Background technology
Solar cell is the optoelectronic device that sunlight is directly changed into electric energy.Modal solar cell material is the silicon of monocrystalline or polycrystalline wafer form.Yet the cost of the electricity that the use silica-based solar cell produces is higher than the cost of the electricity that adopts the more conventional approach generation.Therefore, from nineteen seventies early stage since, people have made great efforts to reduce the cost of solar cell in order to use on earth.An approach that reduces the solar cell cost is the developing low-cost film growth techniques---its can be on large-area substrate the absorbent material of depositing solar cell quality, and use high production, cost effective method to make these equipment.
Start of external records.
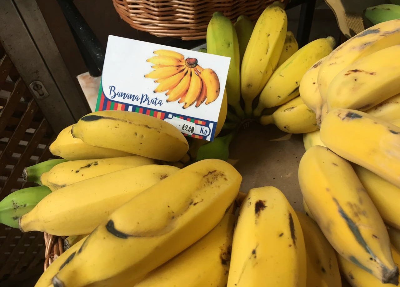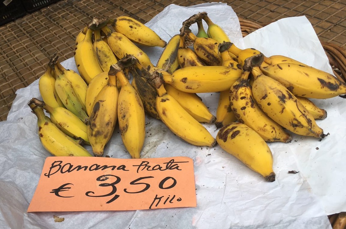 Ich hatte im Vorfeld schon gelesen, dass die Preise im Mercado dos Lavradores teilweise extrem überzogen sein sollten, vor allem im Obergeschoss, wohin nur wenige Einheimische gehen. Allein bei den Bananen war ein krasses Gefälle bei den Preisen zu beobachten. Der Kilopreis reichte von 0,75 Euro bis 9,80 Euro. Ich habe gelernt, dass man dabei Bananen nicht mit Prata Bananen vergleichen darf. Prata Bananen sind geschmacklich deutlich intensiver, haben weniger Kalorien und sollen leichter verdaulich und haltbarer sein. Doch die Preisspanne mit 3,50€ pro Kilo zu 9,80€ war für Prata Bananen überraschend groß, und auch normale Bananen hatten sehr unterschiedliche Preise.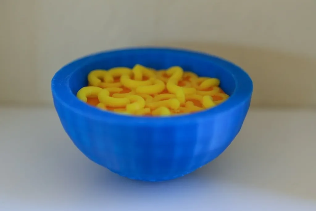 Thiết kế Mac & Cheese này có thể được in với một màu. Nhưng bạn cũng có thể thêm một chút hương vị bằng cách in bát và nội dung bằng các màu khác nhau. Nếu bạn thực sự muốn có một món ngon thì hãy in mì và phô mai bằng hai màu trên máy in Prusa XL với hai đầu in.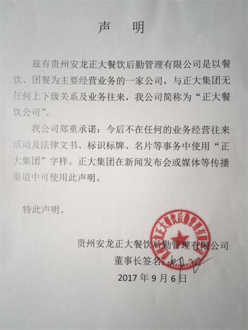 附件:贵州安龙正大餐饮后勤管理有限公司董事长邱飞签名的声明材料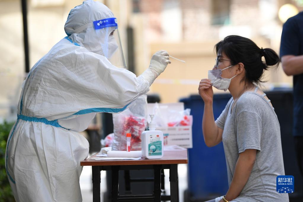 7月27日,医护人员在兰州市城关区一小区为居民进行核酸检测。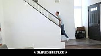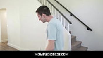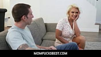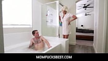During a sexual encounter, Charli Phoenix, a blonde American stepmother, enters the bathroom of her stepson.

Comprise periodic table IB (Cu, Ag, Au) family, IIIA (B, Al, Ga, In, Ti) family and VIA family (O, S, Se, Te, Po) some IBIIIAVIA compound semiconductor of certain in material or the element is the splendid absorbent material that is used for film solar battery structure.Especially, the compound of Cu, In, Ga, Se and S (its be commonly referred to CIGS (S) or Cu (In, Ga) (S, Se)
2Or CuIn
1-xGa
x(S
ySe
1-y)
k, 0≤x≤1,0≤y≤1 wherein, and k is substantially equal to 2) be used in the solar battery structure near 20% conversion efficiency.The absorber that contains IIIA element al and/or the element T e of VIA family also is possible.Therefore, generally speaking, containing i) Cu of IB family, ii) at least a compound among S at least a and iii) VIA family, Se and the Te among In, Ga and the Al of IIIA family is applicable to solar cell application.
Shown in Fig. 1 such as Cu (In, Ga, Al) (S, Se, Te)
2The structure of the conventional IBIIIAVIA compounds of group photoelectric cell of thin-film solar cells.Device 10 is manufactured on the substrate 11, and substrate 11 is such as being sheet glass, sheet metal, insulation paillon foil or width of cloth material or conductive foil or width of cloth material.Comprise Cu (In, Ga, Al) (S, Se, Te)
2The absorber film 12 of material is grown on the conductive layer 13 in the family, and conductive layer 13 is deposited on the substrate 11 in advance and is used as the electrical contacts to this device.Substrate 11 forms base portion 20 with conductive layer 13.The conductive layer that comprises Mo, Ta, W, Ti and stainless steel etc. has been used in the solar battery structure of Fig. 1.If substrate self is the electric conducting material of suitably selecting, can not use conductive layer 13, because substrate 11 can be with the ohmic contact portion that connects this device.After the absorber film 12 of growing, be formed on the absorber film such as the hyaline layer 14 of CdS, ZnO or CdS/ZnO lamination.Ray 15 gets into this device through hyaline layer 14.The metal grill (not shown) also can be deposited on the hyaline layer 14 to reduce the effective series resistance of device.The preferred electric type of absorber film 12 is p types, and the preferred electric type of hyaline layer 14 is n types.Yet also can adopt n type absorber and p type Window layer.The preferred embodiment structure of Fig. 1 is called " substrate-type " structure.Also can form " coating " structure through following manner: with transparent conductive layer deposition on transparent coating such as glass or transparent polymer film, deposit then Cu (In, Ga, Al) (S, Se, Te)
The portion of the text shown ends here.